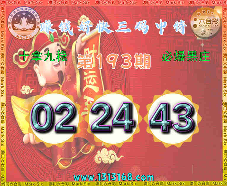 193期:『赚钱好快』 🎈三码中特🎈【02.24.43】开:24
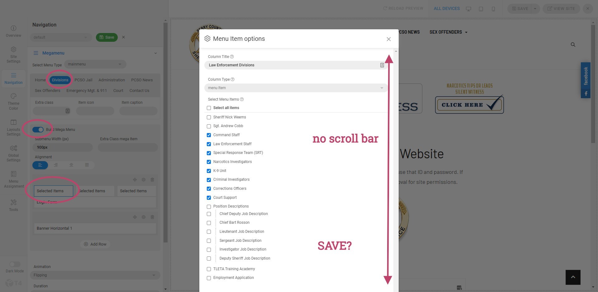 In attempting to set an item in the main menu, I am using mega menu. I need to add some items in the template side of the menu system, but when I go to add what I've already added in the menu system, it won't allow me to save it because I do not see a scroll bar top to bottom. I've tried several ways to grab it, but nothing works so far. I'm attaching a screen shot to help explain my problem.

==

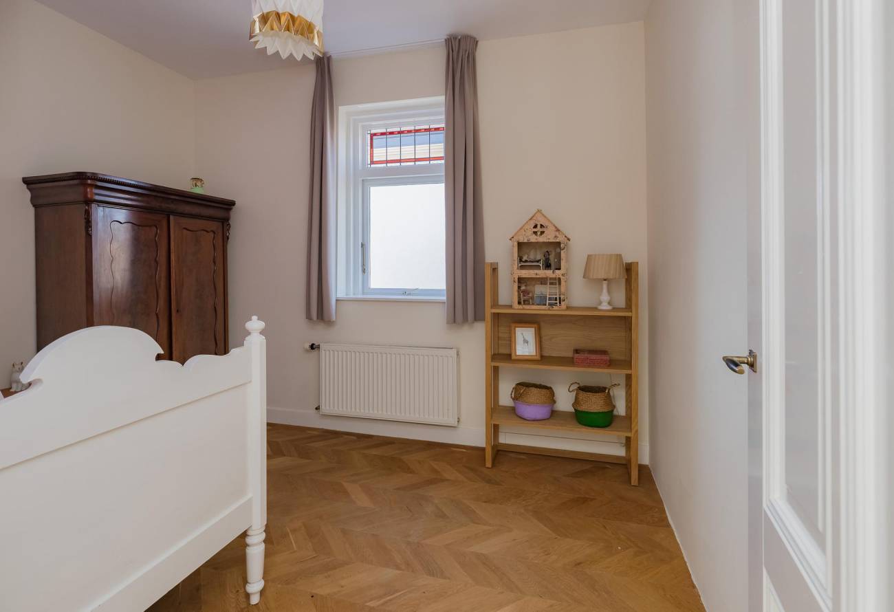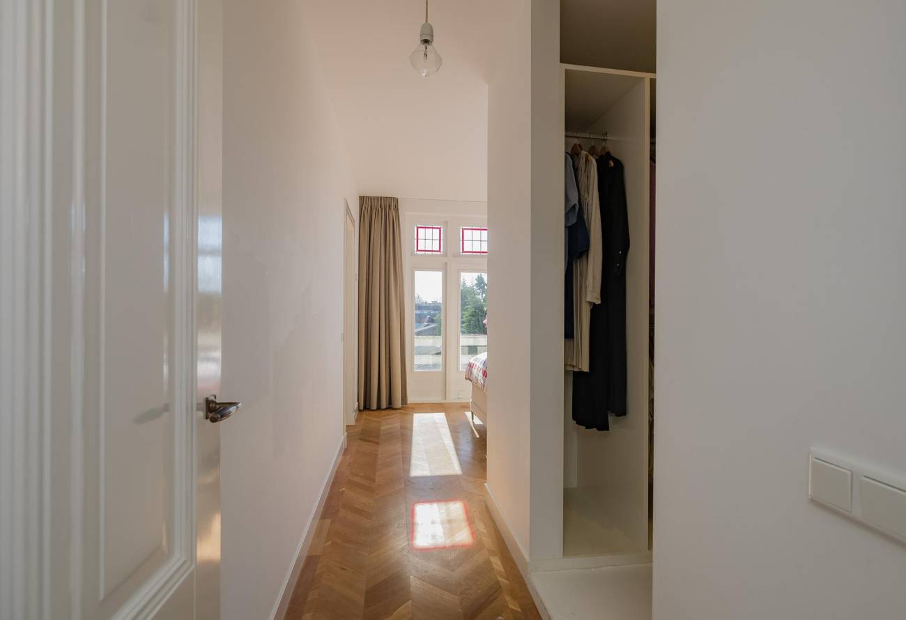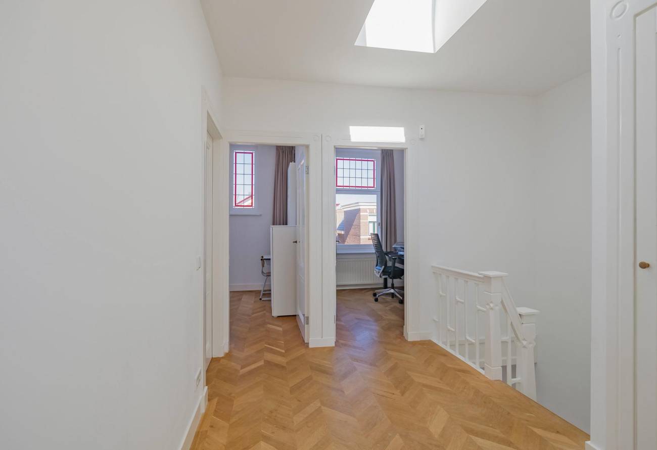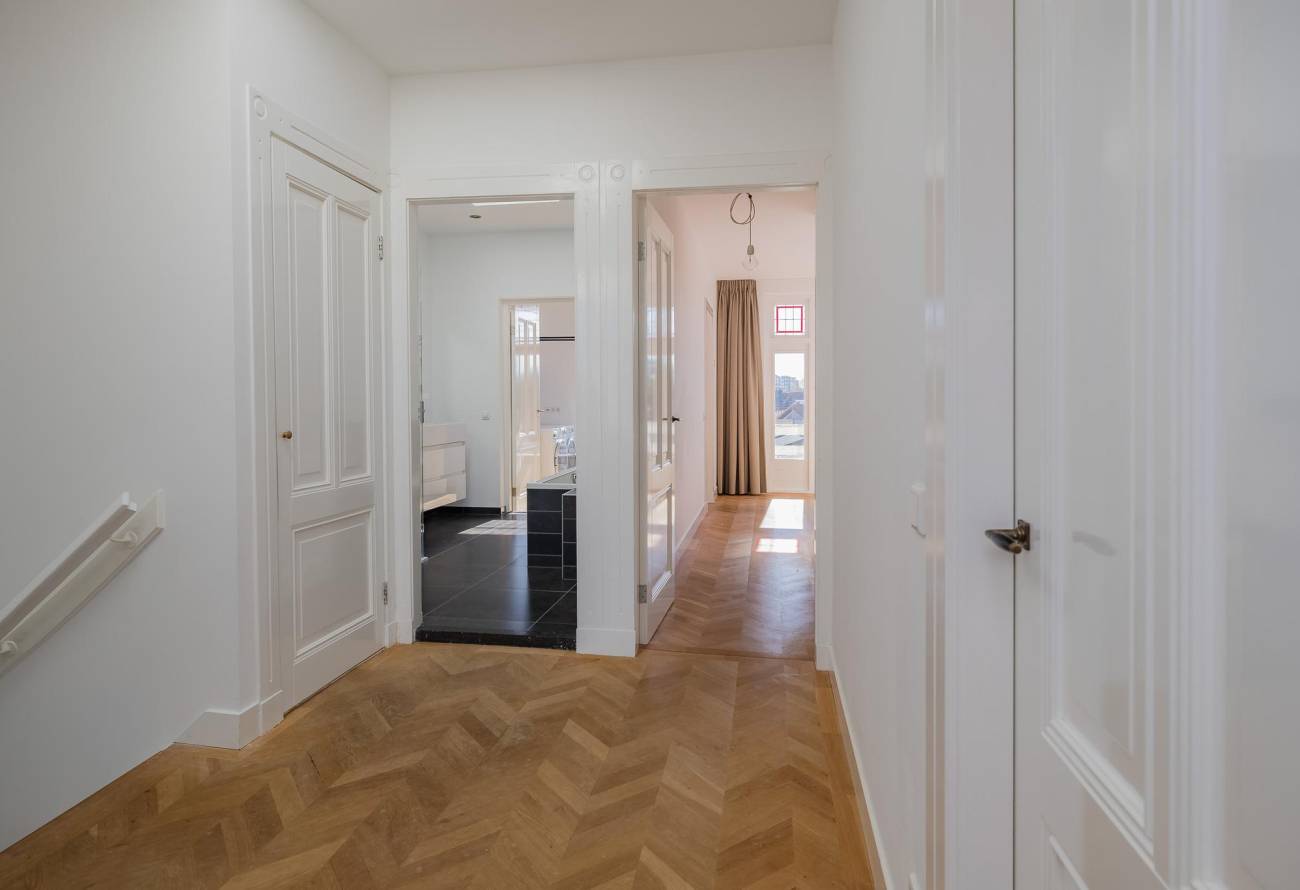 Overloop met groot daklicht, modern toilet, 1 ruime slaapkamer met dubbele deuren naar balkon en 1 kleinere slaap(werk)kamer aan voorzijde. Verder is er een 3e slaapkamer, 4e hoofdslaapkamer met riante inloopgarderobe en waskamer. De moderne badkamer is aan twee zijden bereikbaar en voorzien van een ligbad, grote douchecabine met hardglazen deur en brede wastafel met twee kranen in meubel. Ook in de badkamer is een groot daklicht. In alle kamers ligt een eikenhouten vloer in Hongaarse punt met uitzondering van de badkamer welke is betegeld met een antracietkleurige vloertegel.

= What is expected =
Reproduce word for word, with pictures dropped, only the part of the material above that opens with the line containing "193期:『赚钱好快』 🎈三码中特🎈【02.24.43】开:24" and closes with the line containing "In attempting to".

= Response to the exercise =
 193期:『赚钱好快』 🎈三码中特🎈【02.24.43】开:24
 In attempting to set an item in the main menu, I am using mega menu. I need to add some items in the template side of the menu system, but when I go to add what I've already added in the menu system, it won't allow me to save it because I do not see a scroll bar top to bottom. I've tried several ways to grab it, but nothing works so far. I'm attaching a screen shot to help explain my problem.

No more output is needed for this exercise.